The Reserve Bank of Australia (RBA) kept its cash rate at a 12-year high of 4.35% for a second meeting and noted inflation had eased a little faster than expected in the fourth quarter.

However, it was not yet confident inflation would return to its 2-3% target in a timely manner and thus reserved the right to tighten again if necessary.

“A slightly more hawkish set of comments than anticipated, particularly after the weakness in recent inflation data,” said Dwyfor Evans, head of APAC macro strategy at State Street Global Markets.

“We continue to focus on weaker consumption, elevated debt servicing costs and signs of easing in the job market as pointers towards a more accommodative stance going forward.”

That statement helped the Aussie nudge up 0.2% to $0.6498 , having hit an 11-week low of $0.6469 overnight as the US dollar got a broad lift from an upbeat survey on the service sector. Support now lies around $0.6450.

The kiwi dollar stood at $0.6060, after touching a 10-week trough at $0.6040 the previous session.

Australia, NZ dollars back from the brink as risk rallies

The next major support level is down around $0.6000. Both currencies have crumbled in the face of strong US economic news and hawkish commentary from the Federal Reserve, which has seen markets scale back bets on early rate cuts there.

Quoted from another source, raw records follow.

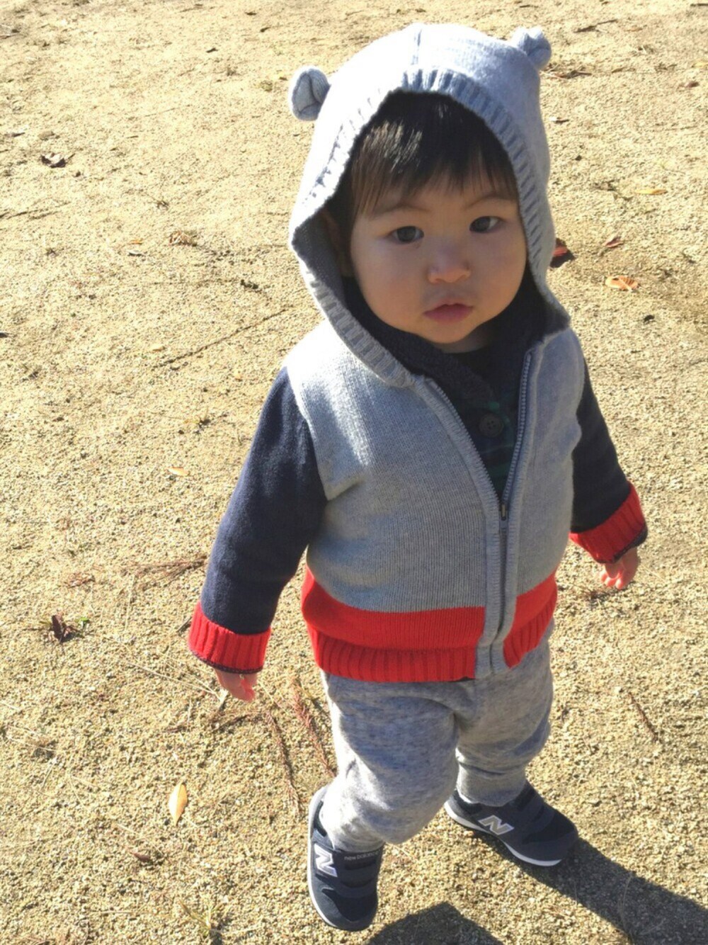 ハイハイ期によく着せてたニットパーカー、久々の登場♬ 中にベスト重ね着してます。
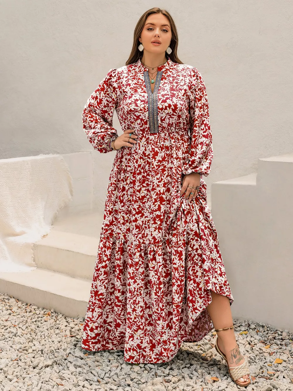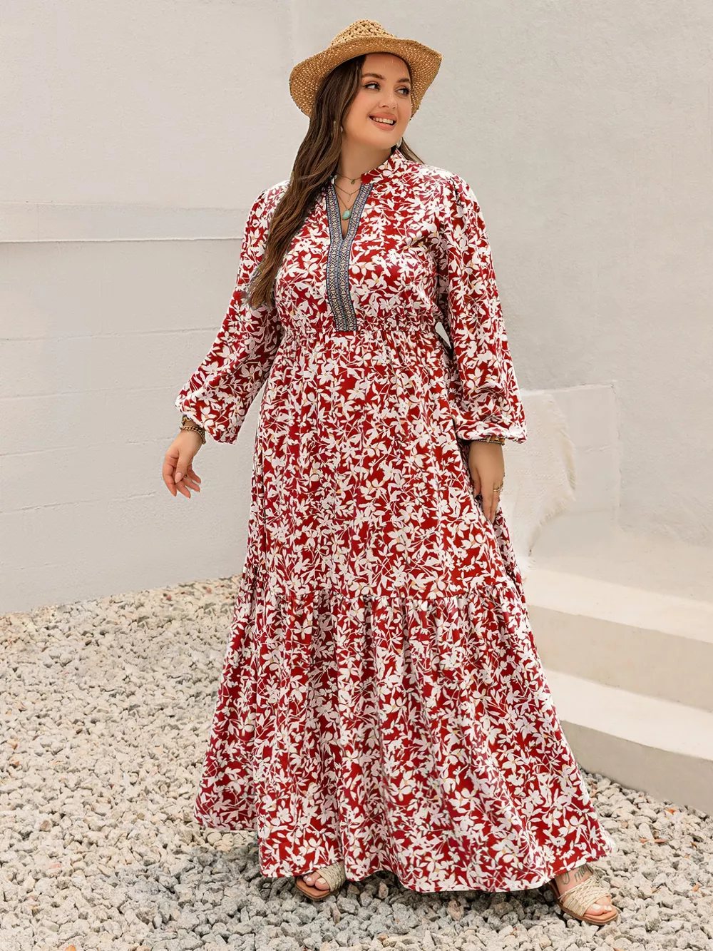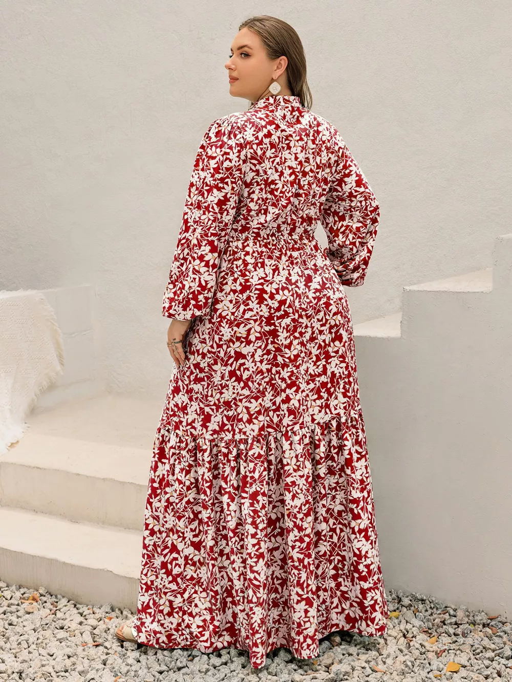 Plus Size Floral Print Long Sleeve Maxi Dress
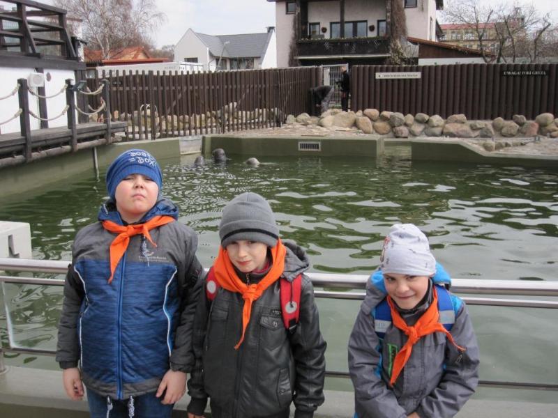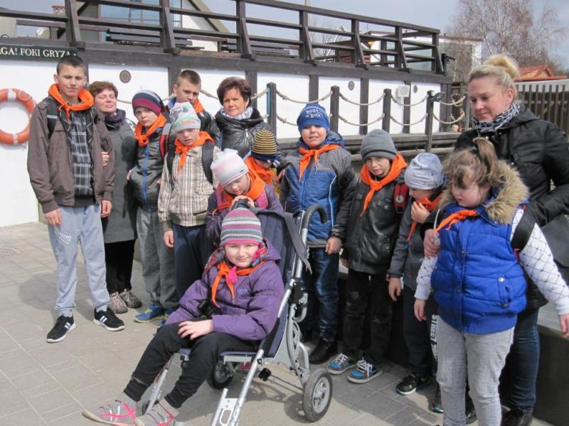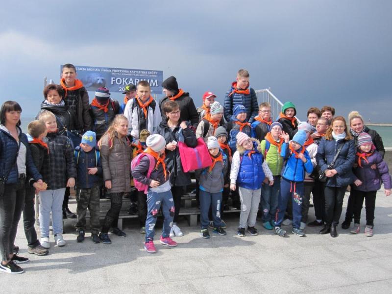 27 kwietnia uczniowie klas: II/IIIa, IIIb, IV/Va, Vb i V/VIa wraz ze swoimi wychowawczyniami wybrali się na wycieczkę do Fokarium w Helu na Półwyspie Helskim. Największą atrakcją dla zwiedzających Fokarium jest pora karmienia fok. Przybyliśmy punktualnie na focze śniadanie, na którym serwowano największy przysmak fok – surowe śledzie. Zajadały się oczywiście tylko foki, my raczej nie mięliśmy ochoty na taki rarytas. Natomiast bardzo chętnie i z dużym zaciekawieniem obserwowaliśmy jak foki wykonywały polecenia swoich opiekunów. Zwierzęta te potrafiły grzecznie czekać na kolejną rybkę do zjedzenia. Rozumiały znaki i gesty pokazywane przez opiekunów. Reagowały na dźwięk specjalnego gwizdka, chyba wysokotonowego, którego my w ogóle nie słyszeliśmy. Dokładnie wiedziały, co mają robić. Kiedy popłynąć po zabawkę wrzuconą do wody przez opiekuna i tak jak aportujący pies oddać ją z powrotem. Rozumiały, kiedy zanurkować i kiedy wyjść na brzeg, aby opiekun mógł zobaczyć czy nic im nie dolega. Foki to wyjątkowo mądre i piękne morskie zwierzęta Była to bardzo interesująca i udana wycieczka, na zakończenie której udaliśmy się do McDonalds na małe co nieco. Tego dnia nawet pogoda nam sprzyjała, chcemy wierzyć, że to właśnie specjalnie dla nas, zza deszczowych chmur na kilka godzin wyszło wówczas słońce Nauczyciele: Baranowska Irena, Hajkowicz Agnieszka, Kozłowska Krystyna, Pranga Edyta, Wiśniewska Ewa.
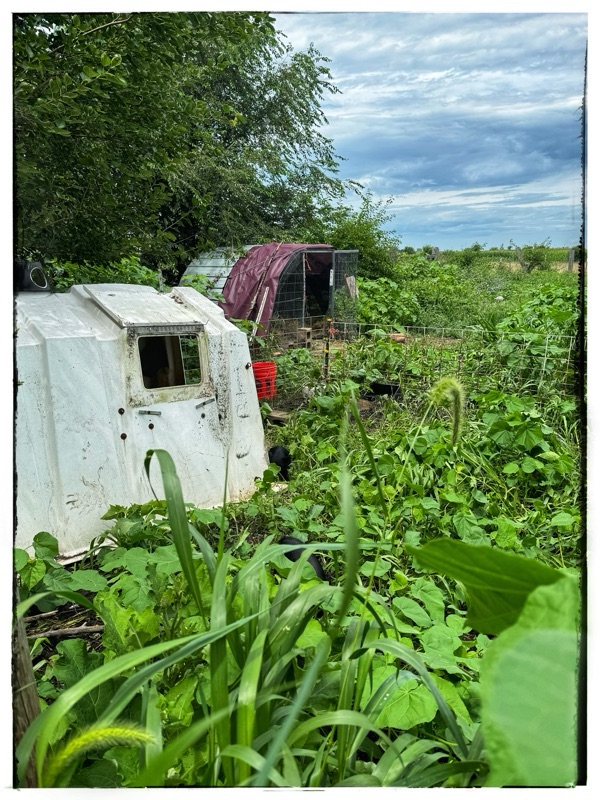 The calf hut was set with on top of the baby pig house. Everyone is set now. Under cover. Feeding routines in writing. Ready for me to leave them tomorrow.

The RBA’s rate warning reinforced the shift and saw futures push out the likely timing of a first easing to later in the year.

A move in June was now put at a probability of 36%, with August at 76%.

A quarter point cut was not fully priced in until September.

They also imply only a modest 40 basis points for the year, down from 46 basis points before the RBA announcement.

The Reserve Bank of New Zealand (RBNZ) is priced to cut its 5.5% cash rate in July, with May a 50% probability. The market has around 87 basis points of easing pencilled in for all of 2024.

The hawkish shift has taken a heavy toll on bonds, with Australian three-year debt futures retreating to 96.320 from an eight-month top of 96.540 hit last week.

New Zealand two-year swap rates were up at 4.860% having surged 18 basis points on Monday.